SEVENTEENTH SUNDAY AFTER TRINITY
The idea of the Epistle and Gospel for this Sunday appears to be that
of gaining liberty and victory through becoming the humble servants of
Christ. St. Paul writes out of his prison, "I the prisoner of the
Lord," as he writes in another place, "Remember my bonds:" and one who
was in the bonds of an infirmity was brought to Christ, "and He took him,
and healed him, and let him go," setting him free from his disease on the
instant in a manner which cannot be explained by physiological science.
Afterwards our Lord speaks of the humane work of setting free on the Sabbath
an ox or an ass that had fallen into a pit; and of one being bidden to
go up higher through his humility in taking the lowest room at a wedding
feast. All these may be taken as illustrations of the way in which
our Lord's service becomes perfect freedom to those who humbly take His
yoke upon them. They offer also a further illustration of the principle
stated in the end of the Epistle, "There is one body and one Spirit, even
as ye are called in one hope of your calling; one Lord, one faith, one
baptism, one God and Father of all, Who is above all, and through all,
and in you all." This principle is of a restrictive character: bringing
the world out of a free worship of many gods to the worship of One; limiting
it to one faith, and to one only means of initiation into the family of
the one God. The idea conveyed is one of a bondage to rule and law
which leaves no room for invention or wild developement and speculation.
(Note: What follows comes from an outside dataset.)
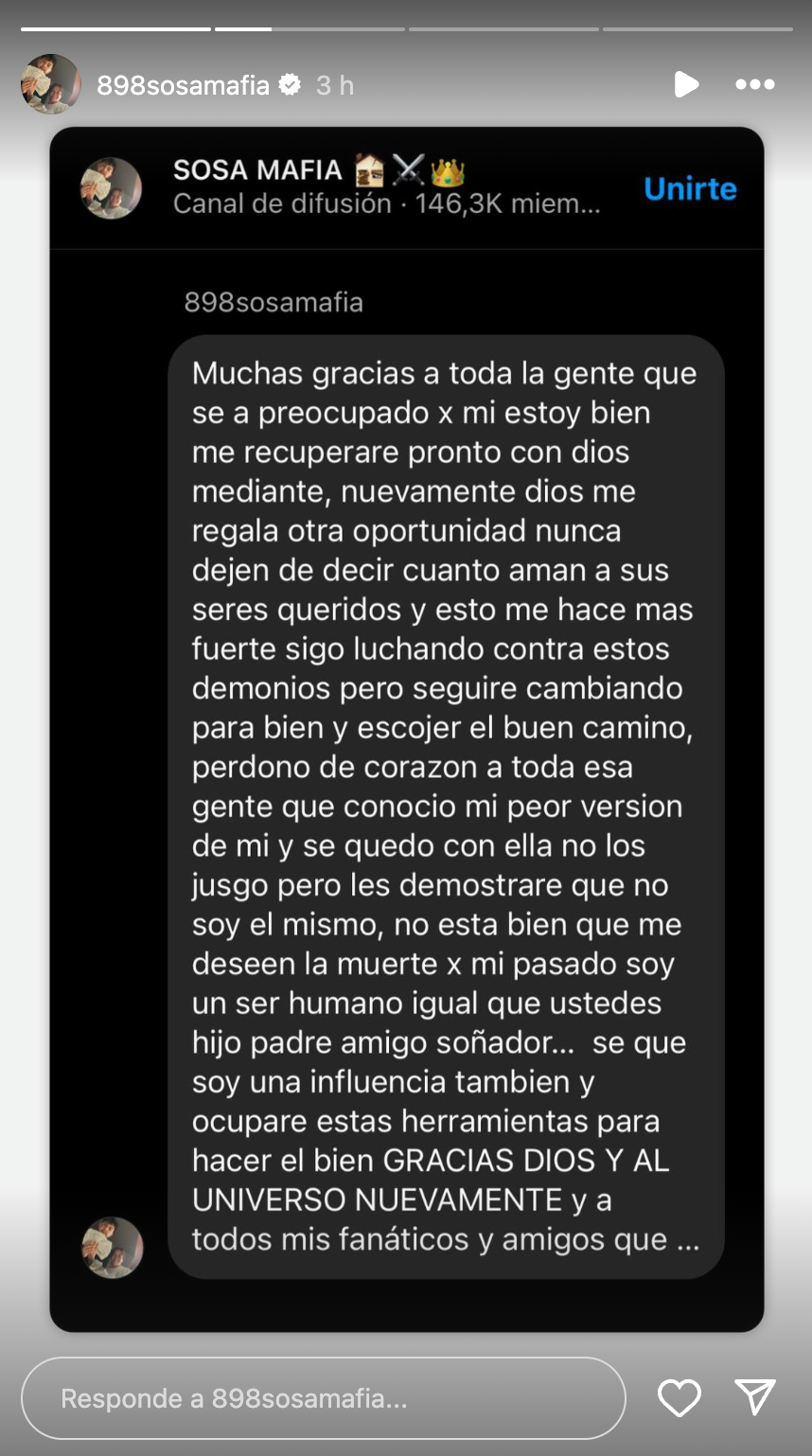 Este jueves el artista usó sus redes sociales para referirse al tema y aseguró que "Dios me regala otra oportunidad". "Esto me hace más fuerte, sigo luchando contra esos demonios pero seguiré cambiando para bien, y escogiendo el buen camino, perdono de todo corazón a toda esa gente que conoció mi peor versión y se quedó con ella", escribió en Instagram.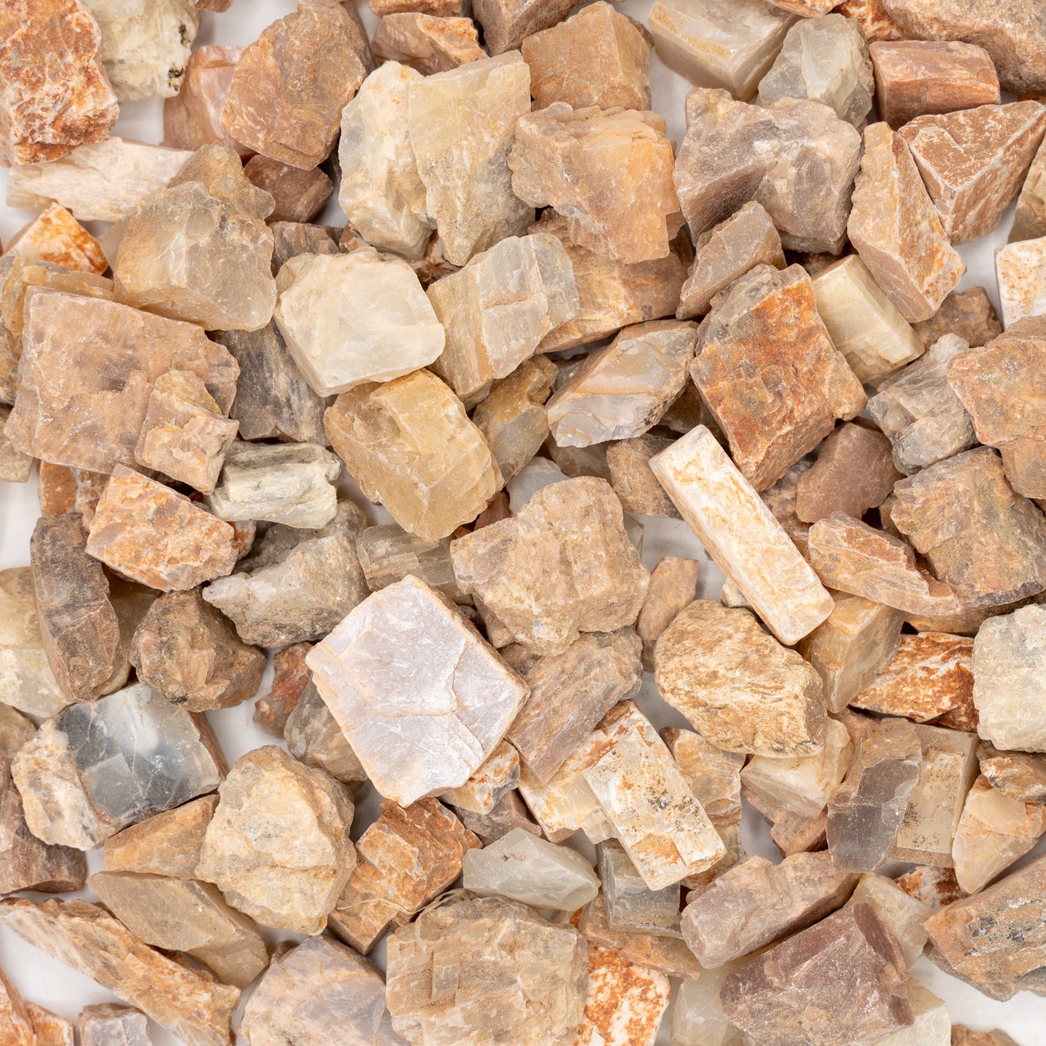 Moonstone from India for tumbling. Smaller sized material. Pictures are representative of the material you will receive.

But as Christ reigned from the Cross; as St. Paul governed the churches
of Ephesus and other cities from his prison in Rome; as one who sits down
in the lowest room will hear the Host say to him, "Friend, go up higher;"
so limitations and restrictions of this kind are a means of real spiritual
freedom, however much they may seem an irksome bondage to those who regard
them superficially. The Christian who worships the One God is more
free than the heathen who worshipped many; and the believer in a Faith
once for all given is more free than he who is continually looking for
new developments and open to the bondage of every novel speculation.